John Moore, Associated Press
BAGHDAD — In the beginning, it all looked simple: topple Saddam Hussein, destroy his purported weapons of mass destruction and lay the foundation for a pro-Western government in the heart of the Arab world.
Nearly 4,500 American and more than 100,000 Iraqi lives later, the objective now is simply to get out — and leave behind a country where democracy has at least a chance, where Iran does not dominate and where conditions may not be good but "good enough."
Even those modest goals may prove too ambitious after American forces leave and Iraq begins to chart its own course. How the Iraqis fare in the coming years will determine how history judges a war that became among the most politically contentious in American history.
Toppling Saddam was the easy part. Television images from the days following the March 20, 2003, start of the war made the conflict look relatively painless, like a certain type of Hollywood movie: American tanks speeding across the bleak and featureless Iraqi plains, huge blasts rattling Baghdad in the "shock and awe" bombing and the statue of the dictator tumbling down from his pedestal.
But Americans soon collided with the complex realities of an alien society few of them knew or understood. Who were the real power brokers? This ayatollah or that Sunni chief? What were the right buttons to push? America had its own ideas of the new Iraq. Did most Iraqis share them?
Places most Americans had never heard of in 2002, like Fallujah and Abu Ghraib, became household words. Saddam was captured nine months after the invasion. The war dragged on for eight more years. No WMD were ever found. And Iraq drained billions from America's treasury and diverted resources from Afghanistan, where the Taliban and al-Qaida rebounded after their defeat in the 2001 invasion.
In the early months, America's enemy was mostly Sunnis angry over the loss of power and prestige when their patron Saddam fell.
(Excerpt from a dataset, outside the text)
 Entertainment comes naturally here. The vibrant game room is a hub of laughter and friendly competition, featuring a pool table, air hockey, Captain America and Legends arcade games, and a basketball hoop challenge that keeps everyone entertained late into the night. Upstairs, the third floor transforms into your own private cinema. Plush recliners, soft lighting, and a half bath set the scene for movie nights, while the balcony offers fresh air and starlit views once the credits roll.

In September 2007, the bloodiest year for U.S. troops, Shiite militias — part of a community that suffered terribly under Saddam — were responsible for three-quarters of the attacks in the Baghdad area that killed or wounded Americans, according to the then-No. 2 U.S. commander in Iraq, Lt. Gen. Ray Odierno.
Saddam had not tolerated al-Qaida. With Saddam gone and the country in chaos, al-Qaida in Iraq became the terror movement's largest and most dangerous franchise, drawing in fighters from North Africa to Asia for a war that lingers on through suicide bombings and assassinations, albeit at a lower intensity.
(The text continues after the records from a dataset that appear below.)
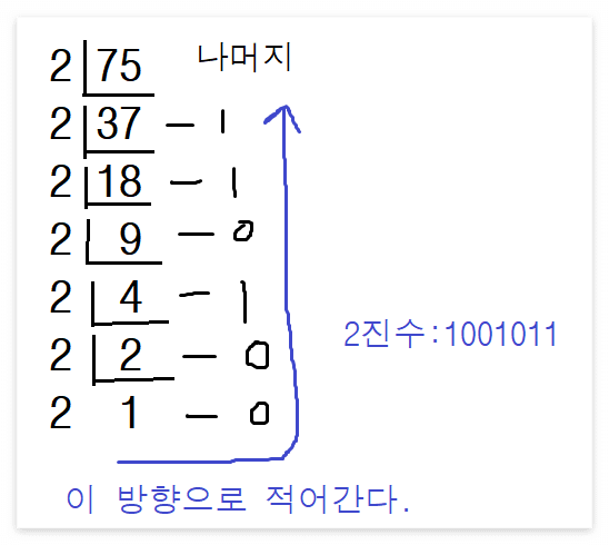 75를 2로 나누어 나머지를 적어가고 몫을 또 2로 나누어가며 반복하면 된다.
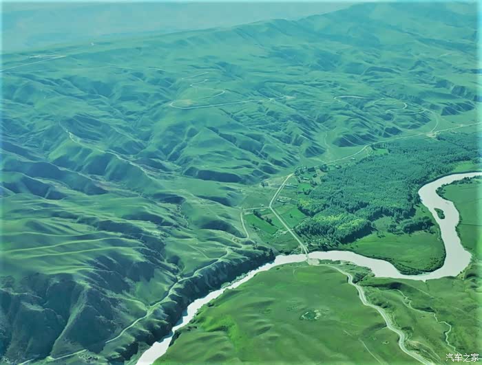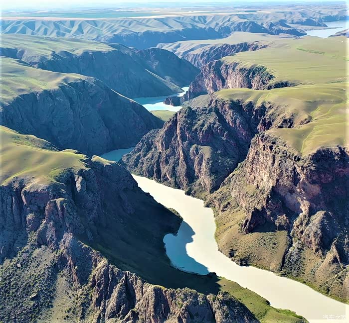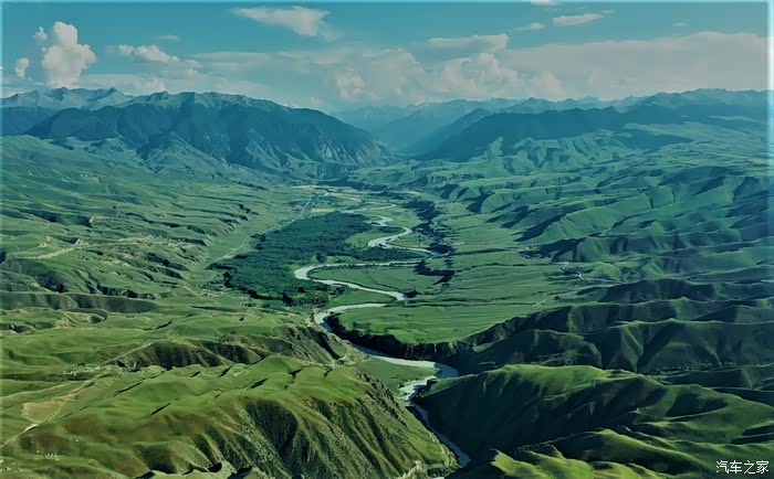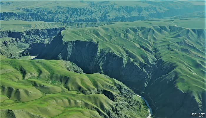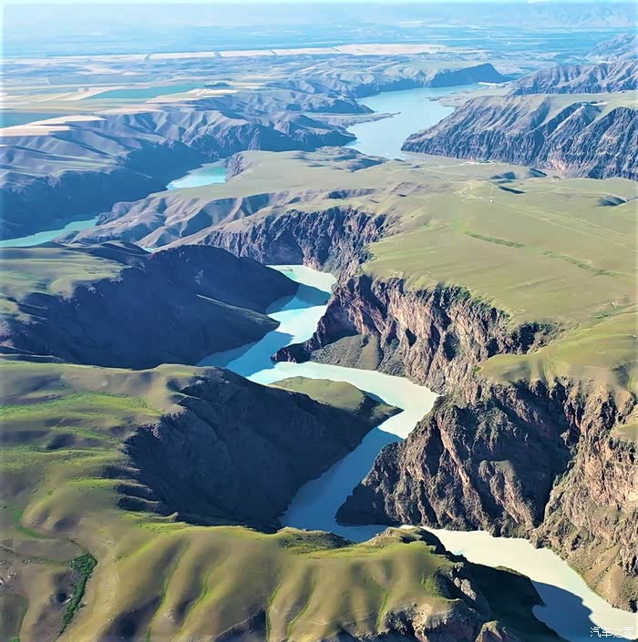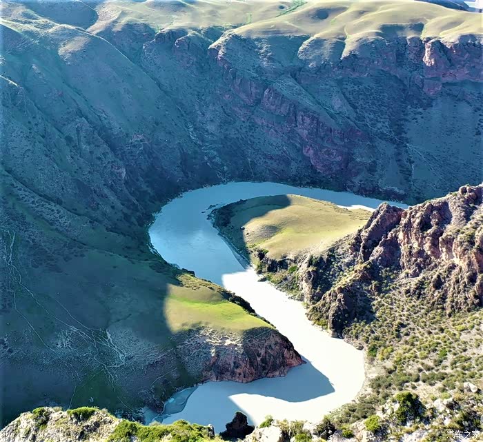 无人机航拍的阔克苏九曲十八弯,阔克苏大峡谷内日的九曲十八弯是另一种美。这里的峡谷,突然变成宽广的平地,河流婉转流淌,形成了曲折的波浪形。整个九曲十八弯南北长约有5600余米、东西宽约有2000余米。河流的拐弯处,大多是青青草场,加上十八弯的尽头是蓝天白云,因而从高处看十八弯,画面特别美
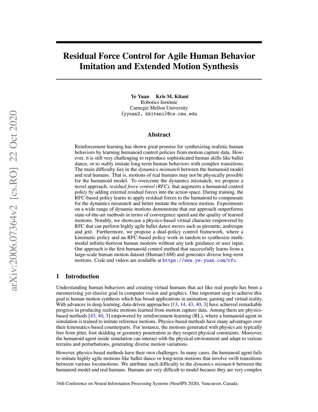 Reinforcement learning has shown great promise for synthesizing realistic human behaviors by learning humanoid control policies from motion capture data. However, it is still very challenging to reproduce sophisticated human skills like ballet dance, or to stably imitate long-term human behaviors with complex transitions. The main difficulty lies in the dynamics mismatch between the humanoid model and real humans. That is, motions of real humans may not be physically possible for the humanoid model. To overcome the dynamics mismatch, we propose a novel approach, residual force control (RFC), that augments a humanoid control policy by adding external residual forces into the action space. During training, the RFC-based policy learns to apply residual forces to the humanoid to compensate for the dynamics mismatch and better imitate the reference motion. Experiments on a wide range of dynamic motions demonstrate that our approach outperforms state-of-the-art methods in terms of convergence speed and the quality of learned motions. Notably, we showcase a physics-based virtual character empowered by RFC that can perform highly agile ballet dance moves such as pirouette, arabesque and jet\é. Furthermore, we propose a dual-policy control framework, where a kinematic policy and an RFC-based policy work in tandem to synthesize multi-modal infinite-horizon human motions without any task guidance or user input. Our approach is the first humanoid control method that successfully learns from a large-scale human motion dataset (Human3.6M) and generates diverse long-term motions. Code and videos are available at https://www.ye-yuan.com/rfc.
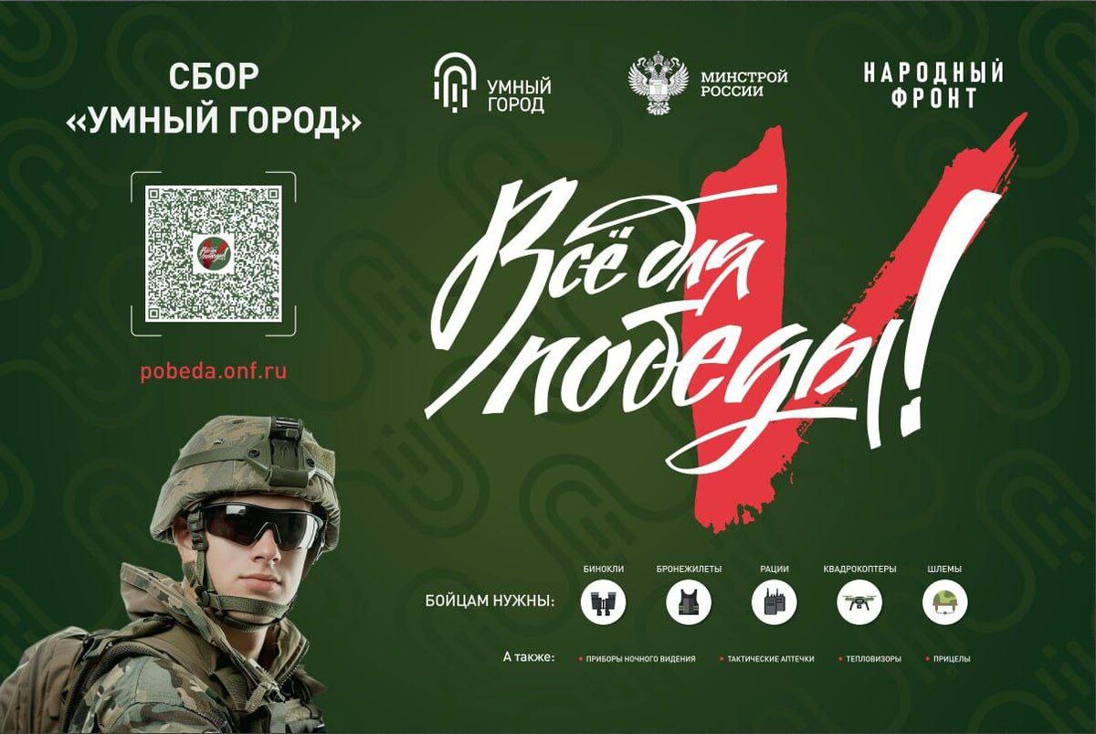 🫡🫡 Ведется сбор гуманитарной помощи Для поддержки участников СВО и мирного населения Донбасса Общероссийский народный фронт запустил проект «Все для Победы Сбор в рамках акции «Умный город» проводят по трем основным направлениям: ⚪️на закупку квадрокоптеров, тепловизоров, средств связи, бронежилетов, защитных шлемов, генераторов, компьютерной техники, индивидуальных тактических аптечек, мягких носилок, спальных мешков, рюкзаков, средств обогрева, комплектов вещей, маскировочных сетей; ⚪️для передачи новым регионам программного обеспечения и оборудования для реализации проектов «Умный город»; ⚪️сбор писем со словами поддержки военнослужащим. Принять участие в проекте «Все для Победы» и оказать благотворительную помощь солдатам и жителям республик, пострадавших от военных действий, может любой желающий. ⭐️ На портале Всё для победы рассказано, как перечислить деньги, где принимают вещи, что требуется бойцам. Здесь же можно узнать, как грузы доставляются адресатам.

As American troops prepare to go home by Dec. 31, they leave behind a country still facing violence, with closer ties to the U.S. than Saddam had but still short of what Washington once envisioned. Iranian influence is on the rise. One of the few positive developments from the American viewpoint — a democratic toehold — is far from secure.
In 20-20 hindsight, the U.S. probably should have seen it coming. By 2003, communal rivalries and hatreds, fueled by years of Saddam's suppression of Kurds and Shiites, were brewing beneath the lid of a closed society cobbled together from the wreckage of the Ottoman Empire after World War I. Saddam's rule of terror kept all these passions in the pot. Lift the lid and the pot boils over. Remove Saddam and a new fight flares for the power that the ousted ruler and his Baath Party had monopolized for decades.
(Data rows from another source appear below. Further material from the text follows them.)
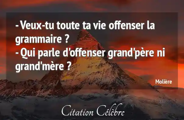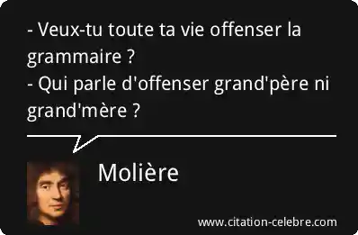 - Veux-tu toute ta vie offenser la grammaire ? - Qui parle d'offenser grand'père ni grand'mère ?
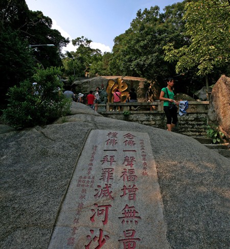 五老峰是厦门八大胜景之一,五老凌霄以其挺拔秀奇著称。山上林木蓊郁,奇石嶙峋,洞壑幽深,岩泉清冽。盘旋曲径,直上颠峰亭台,放眼海天深处,碧波荡漾,巨轮轻艇往来如梭。环视鹭岛新姿,绿树掩映,层楼大厦参天。俯瞰足下,梵宇琳宫浮现于云雾缥缈之间,恍若置身蓬莱仙阁之上,飘然欲仙,乐趣无穷。真不愧为鹭岛名山藏古寺,梵宫胜景纳游人。
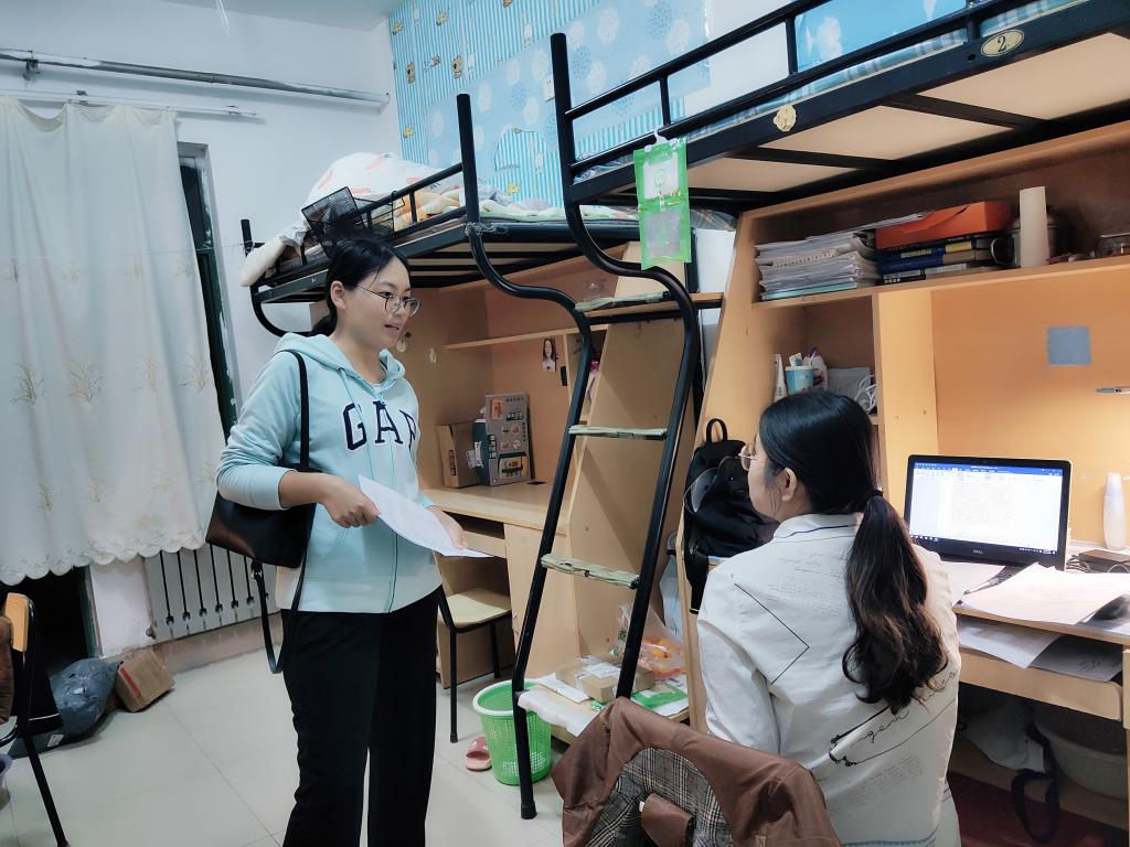 为进一步加强公司员工宿舍管理,构建安全卫生宿舍,了解同学们的生活状况,10月10日,SUNBET申博学工办主任、研究生辅导员郭婷婷、21级辅导员王晓迪带领员工干部走进员工宿舍,开展宿舍安全卫生大检查。
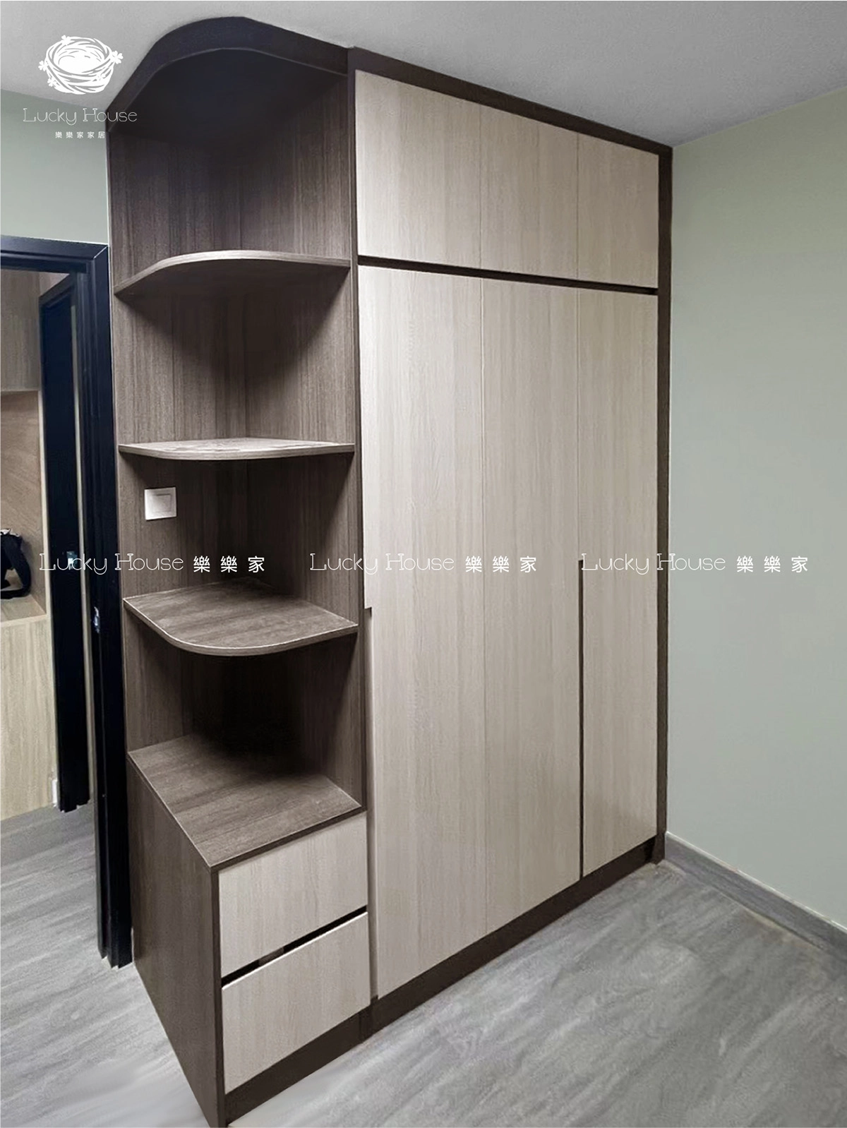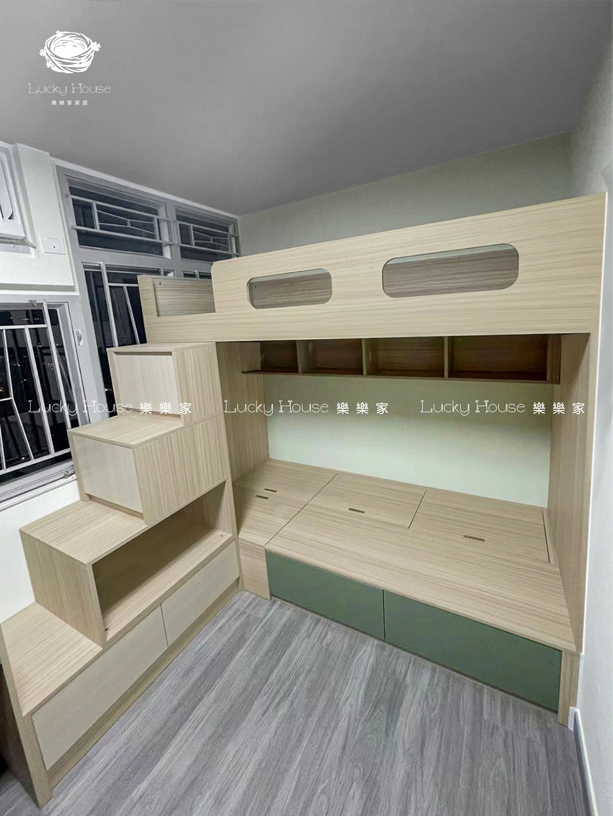 梯櫃一體鏈接書檯-屯門建生邨康生樓整體風格采用簡約木紋設計,回歸自然。合理利用空間,能收納更多物品。····················#傢私訂造 #傢私設計 #全屋訂造 #全屋訂製 #室內設計 #衣櫃 #地台床 #書桌 #玄關櫃 #收納 #兒童房

A day after Saddam's statue was hauled down in Baghdad, the U.S. arranged what was supposed to be a reconciliation meeting in the Shiite holy city of Najaf, bringing together prominent clerics from the majority Shiite sect eager for a dominant role in Iraq after the collapse of Saddam's Sunni-dominated rule.
One of them was Abdul-Majid al-Khoie, son of a revered ayatollah. Al-Khoie had fled to Britain during Saddam's crackdown against Shiites after the 1991 Gulf War. Now he and the other clerics were back in Iraq, freed from Saddam's yoke.